Well, after shooting and trying out a dozen or so handguns, from .22 to .45, my wife settled on a new P99C. She liked the relatively light slide spring, and it seems to fit her hands very well.

After buying the gun and getting it home, I took it apart for cleaning and oiling- just ridiculously easy.

We then headed for the range, as she just couldn't wait to shoot it.
We both shot it, and I was amazed at how manageable the recoil was from this light (18.6 oz w/o mag) pistol was. 

It shot a little low for my wife, which I have hopefully rectified by changing out the front sight for the lower one in the package provided by Walther.

Overall, we are impressed by this pistol. Typical German engineering, and the quality is simply top notch. As a carry gun, this seems to be exactly what she was looking for.

I may have to get one for myself!!


----------



## fivehourfrenzy (Aug 12, 2007)

9mm?


----------



## Shipwreck (Jan 26, 2006)

Congrats. I love mine!


----------



## Baldy (Jun 21, 2006)

Glad you and your shooting partener are having a good time with your new Walther. You got to have fun or you wouldn't do it much. Good luck.:smt023


----------



## BeefyBeefo (Jan 30, 2008)

Bighorn said:


> It shot a little low for my wife, which I have hopefully rectified by changing out the front sight for the lower one in the package provided by Walther.

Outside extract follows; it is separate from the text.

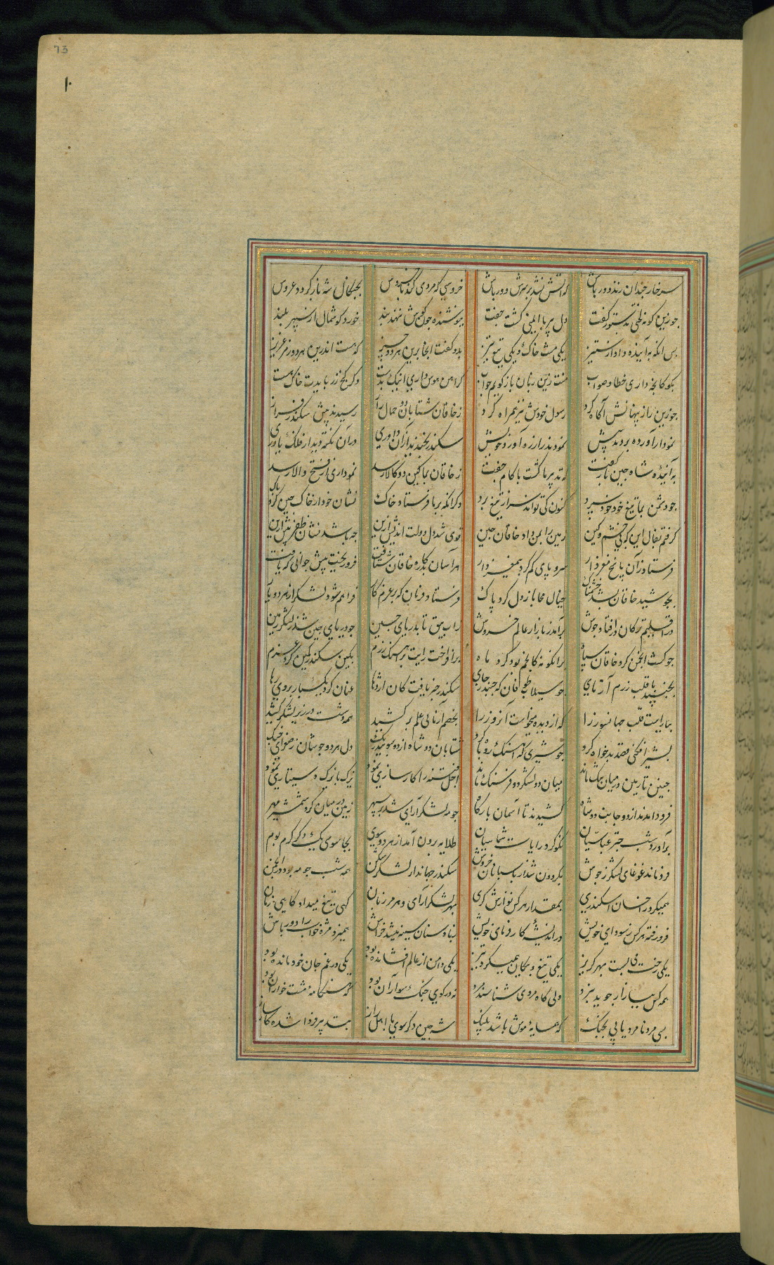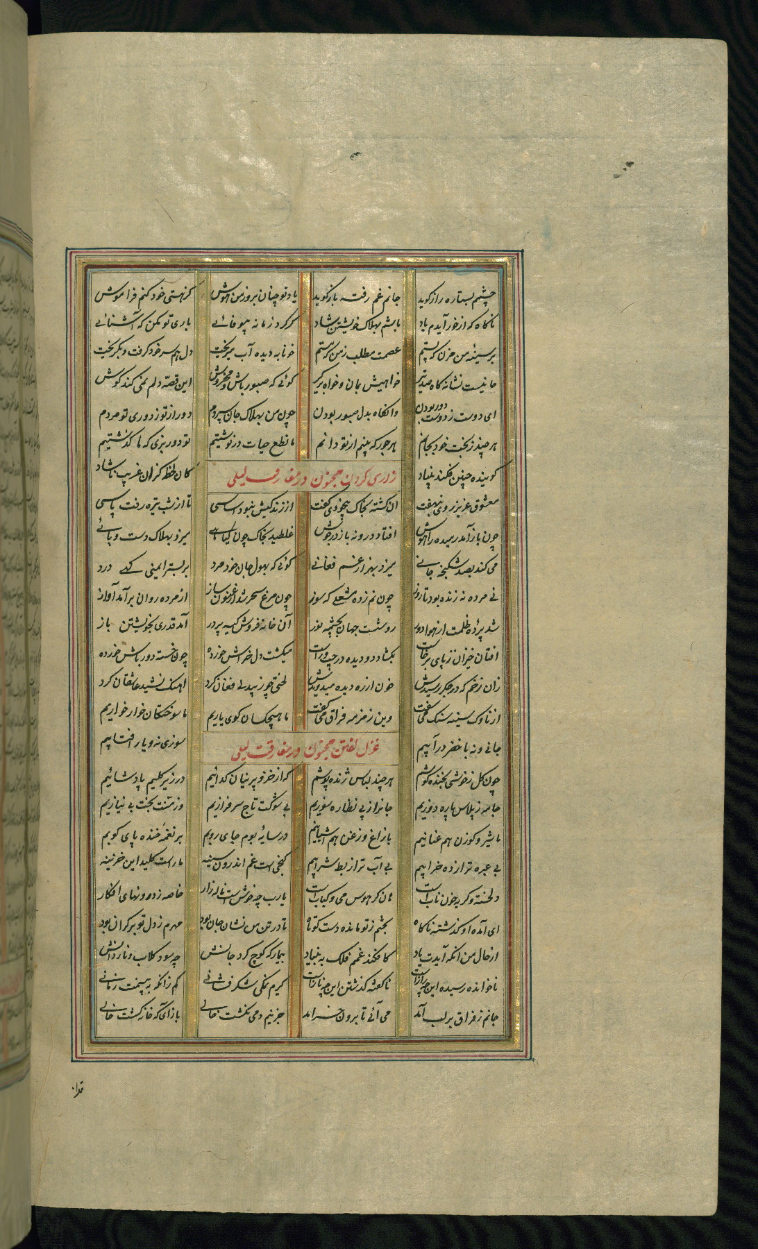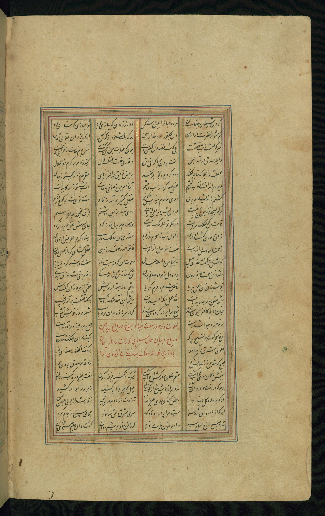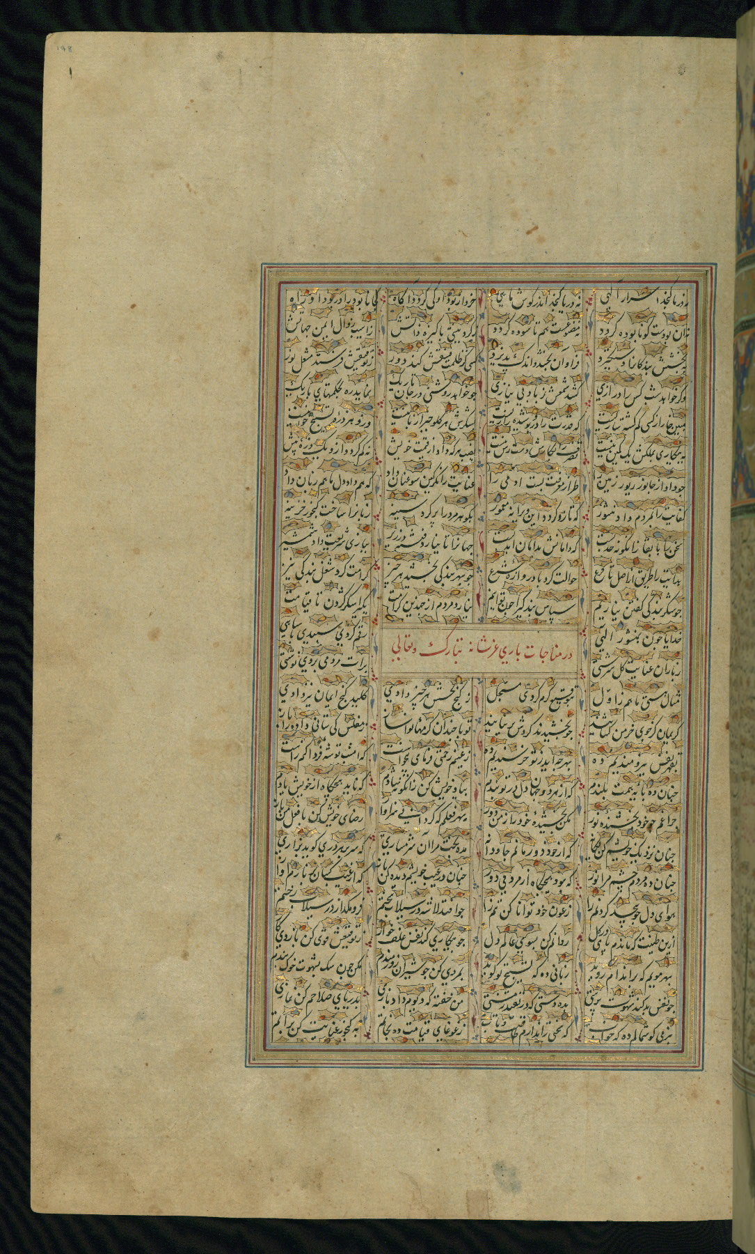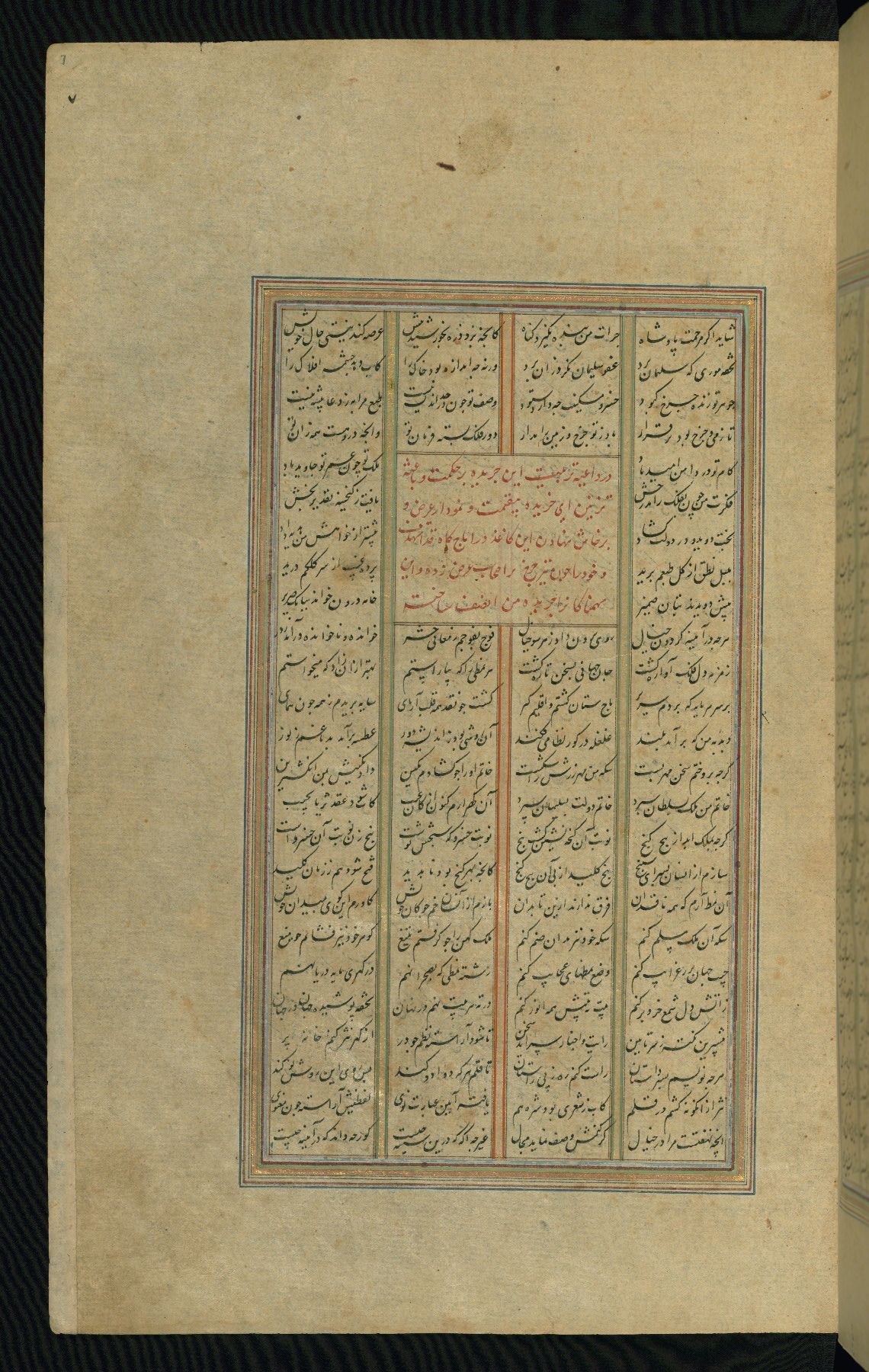 This illuminated and illustrated manuscript contains the Khamsah (quintet) and two historical poems (masnavi), Qirān-i saʿdayn and Nuh sipihr, by Amīr Khusraw Dihlavī (d. 725 AH / 1325 CE). The codex is dated 1017 AH / 1609 CE and was produced in Safavid Iran. All texts are written in black nastaʿlīq script with chapter headings in red. The manuscript opens with an illuminated and illustrated frontispiece of a hunting and court scene in the early Safavid style (fols. 1b-2a). The first text is Khamsah-i Dihlavī (fols. 2b-192a), which is introduced by an illuminated incipit and titlepiece with the title of the first poem of the quintet and the author's name. The second text is Qirān-i saʿdayn, a historical poem (masnavi) about the meeting of Sultan Muʿizz al-Dīn Kayqubād and his father, Nāṣir al-Din Bughrā Khān, on the banks of the Sarjū in Oudh. It is also introduced with an illuminated incipit and titlepiece (fol. 193b). The third text is Nuh sipihr, a historical poem (masnavi) describing the glories of Sultan Quṭb al-Dīn Mubārak Shāh Khaljī’s time, introduced with an illuminated incipit and headpiece (fol. 223b). The dark brown leather binding is original to the manuscript.

If it was ONLY shooting low for her and was shooting fine for you, changing the front sight might not be the best thing to do. If it was shooting fine for you, she may have been shooting low due to the anticipation of the recoil. IDK her experience with shooting, I'm just saying :smt033:smt023

-Jeff-


----------



## Bighorn (Feb 3, 2008)

Yep, 9mm


----------



## submoa (Dec 16, 2007)

Surprised you didn't mention/praise the shape of the grip which is what sold me on my P99. From the first moment of handling this grip, I was impressed by the natural pointability it gives to the pistol. The indexing groove behind the finger recesses guarantees perfect alignment by feel. And the selectable backstrap sizing was pioneered by Walther.

The P99 grip was designed by Cesare Moroni of Italy. Moroni is world renown for his anatomical grips on match pistols used by olympic shooters.


----------